Within the stockpile, the U.S. has 1,770 deployed nuclear warheads that make up the nuclear triad of air, land and sea-based bombs…………………………………….
Under the Sea
Widely considered to be least vulnerable to attack are long-range submarine-launched ballistic missiles (SLBM). The United States has two Strategic Weapons Facilities, one for the Pacific beside Naval Base Kitsap in Bangor, Washington, 20 miles west of Seattle, and a second facility for the Atlantic at Naval Submarine Base Kings Bay, Georgia…………………………………………………………………………
The U.S.’s Nuclear Sponge
The third leg of the nuclear triad is its intercontinental ballistic missiles (ICBMs), which are housed in fortified underground silos in five states (Montana, Colorado, Nebraska, Wyoming and North Dakota). The ICBM force is made up of aging Minuteman III missiles which are slated to be replaced with a new $96 billion system called Sentinel (formerly called Ground Based Strategic Deterrent).
Plagued by scheduling delays and cost overruns, there is growing public support for phasing out ICBMs. Despite this, the bipartisan congressional ICBM Coalition’s support is all but unshakable. But the idea of creating what has been called a “nuclear sponge” (referring to the idea that ICBM silos would attract enemy missiles and, like a sponge, soak up an incoming attack), raises serious questions about why rural communities only began receiving greater government support for improved communications and transportation infrastructure after they started hosting nuclear weapons. “I think it’s important to interrogate that and ask why the needs of the missiles have so often come before the needs of the people who actually live there,” Korda said.
In addition to the SLBM, ICBMs and bombers, Korda and his colleague Hans M. Kristensen have documented additional nuclear warheads (many awaiting dismantlement) at a storage complex in New Mexico and, Korda noted, California has “very important nuclear weapons infrastructure” which could potentially host a small number of nuclear weapons for design purposes.
Finally, there is the Pantex Plant near Amarillo, Texas, which describes itself as “the nation’s primary assembly, disassembly, retrofit, and life-extension center for nuclear weapons.” The dismantlement of retired nuclear warheads is ongoing but, Korda said, the pace has slowed in recent years……………………………………….
In recent years, arms control treaties such as the Intermediate-Range Nuclear Forces Treaty, the Open Skies Treaty and the Joint Comprehensive Plan of Action (“Iran Nuclear Deal”) have been abandoned by the U.S., Russia, or both. The last remaining nuclear arms control treaty between the U.S. and Russia, the New Strategic Arms Reduction Treaty (New START), was extended for five years just two days before it expired in 2021 but in February, Russia announced it was suspending participation, leaving the last U.S.-Russia arms control treaty hanging by a thread.

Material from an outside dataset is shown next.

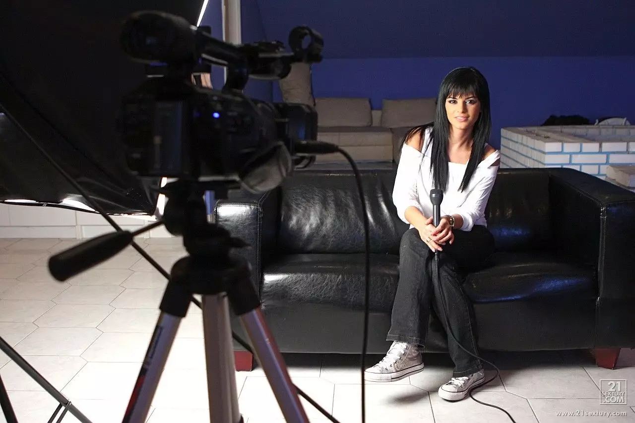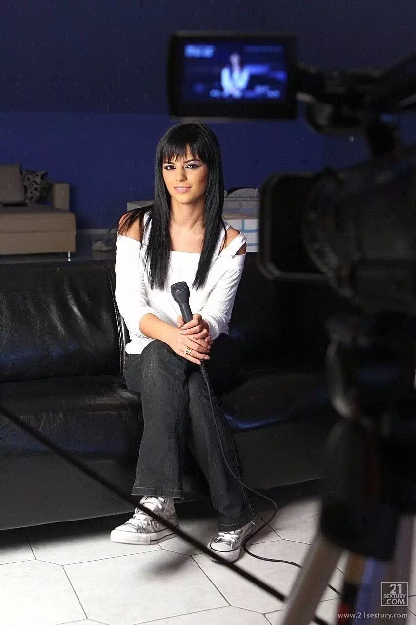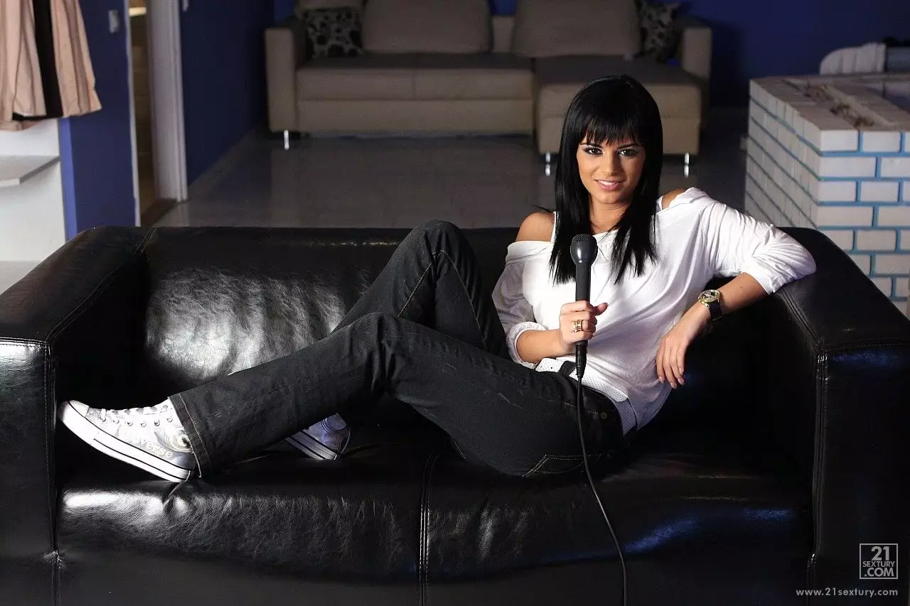 Красивая брюнетка в черном и белом Black Angelica соблазняет перед камерой — Black Angelica

With the end of inspections, data exchanges, and much-needed communication between Washington and Moscow, as well as Beijing, Kimball worries mistrust can lead to the assumption of worst-case scenarios. He says there is a great need for increased public awareness and engagement on nuclear issues.
While the U.S. nuclear enterprise has widespread support by both Democrat and Republican members of Congress, one of the boldest shows of opposition to nuclear weapons was voiced by Michigan congresswoman Rep. Rashida Tlaib, who has expressed her support for the Treaty for the Prohibition of Nuclear Weapons (TPNW). Additional support for the prohibition of TPNW (also called the “ban treaty”) came from Massachusetts Rep. James McGovern and Oregon Rep. Earl Blumenauer, who introduced a resolution in 2019 calling for “the American people to work towards reducing and ultimately eliminating nuclear weapons.” Furthermore, in 2022, more than 200 U.S. mayors collectively called for the adoption of a timebound plan for the total elimination of nuclear weapons.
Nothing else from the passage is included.